Task requirements:
Leave the pictures behind and reproduce every line of the listing exactly.

The data:
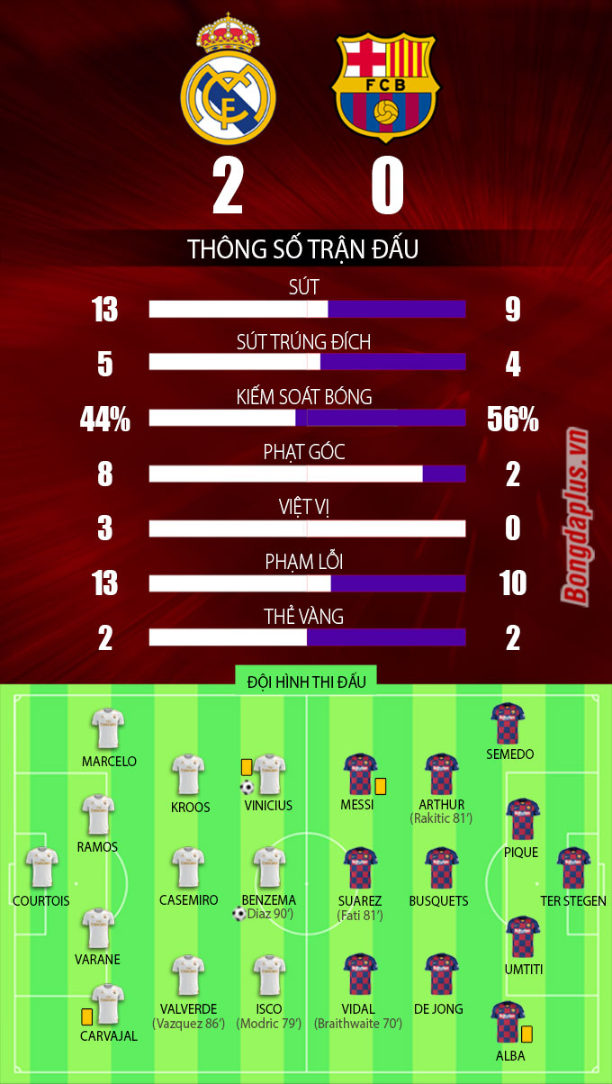 Về phần Barca, có đến một nửa trong số 6 cú dứt điểm của họ đi trúng mục tiêu. Nếu thủ môn Courtois không xuất sắc ngăn chặn Arthur và Messi trong thế đối mặt vào các phút 34 và 38 thì có lẽ Real đã phải bước vào giờ nghỉ trong thế bị dẫn bàn.
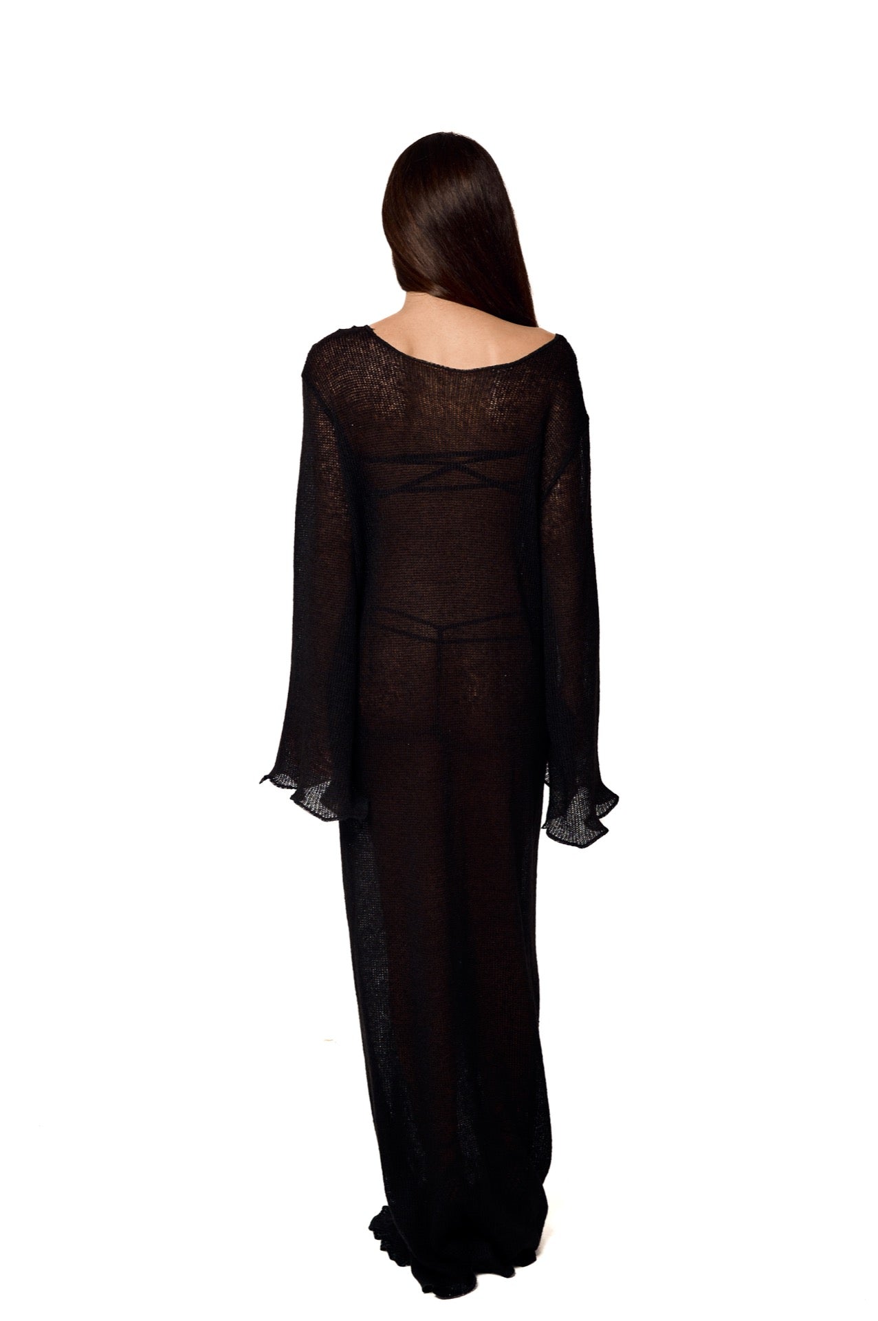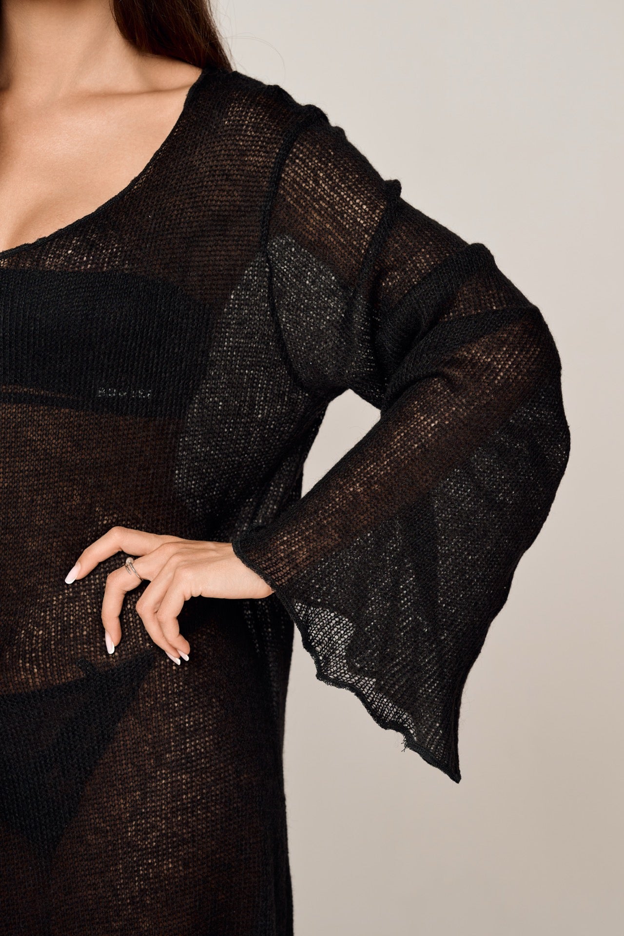 Rochie lunga neagra din material transparent, cu silueta fluida si design minimalist. Croiala lejera si manecile lungi cu terminatie delicata creeaza un look sofisticat si modern, in timp ce textura usoara adauga un efect subtil si elegant. Piesa versatila, ideala pentru layering sau tinute statement de seara.
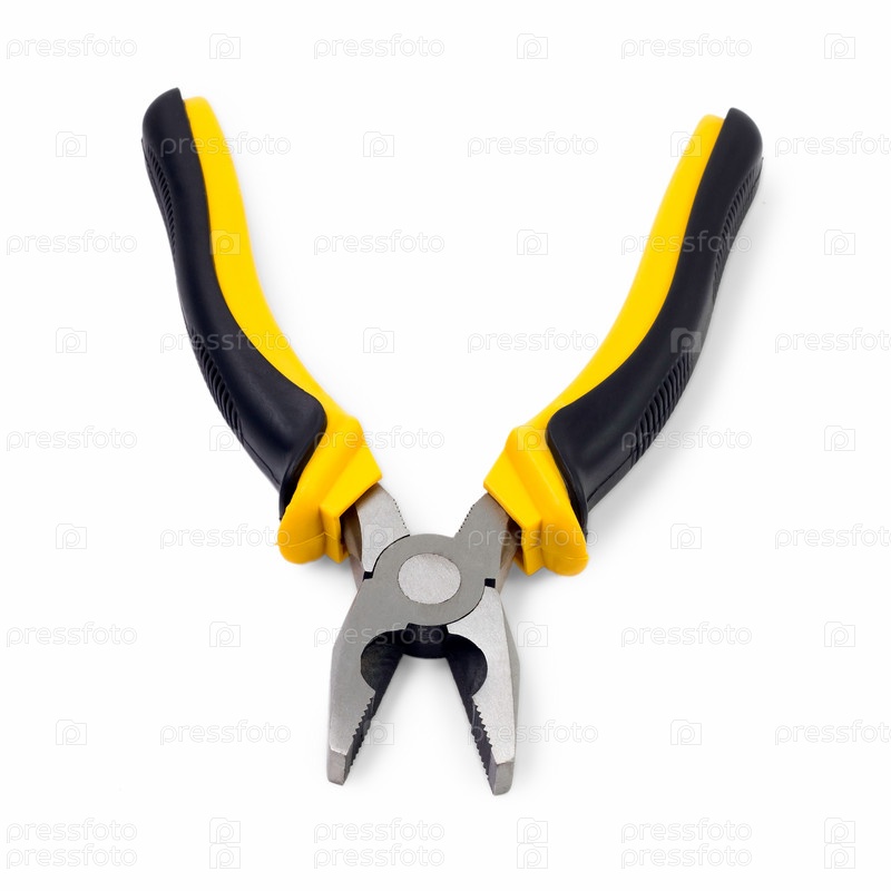 Желтые плоскогубцы, изолированные на белом фоне

Response for this exercise:
 Về phần Barca, có đến một nửa trong số 6 cú dứt điểm của họ đi trúng mục tiêu. Nếu thủ môn Courtois không xuất sắc ngăn chặn Arthur và Messi trong thế đối mặt vào các phút 34 và 38 thì có lẽ Real đã phải bước vào giờ nghỉ trong thế bị dẫn bàn.
 Rochie lunga neagra din material transparent, cu silueta fluida si design minimalist. Croiala lejera si manecile lungi cu terminatie delicata creeaza un look sofisticat si modern, in timp ce textura usoara adauga un efect subtil si elegant. Piesa versatila, ideala pentru layering sau tinute statement de seara.
 Желтые плоскогубцы, изолированные на белом фоне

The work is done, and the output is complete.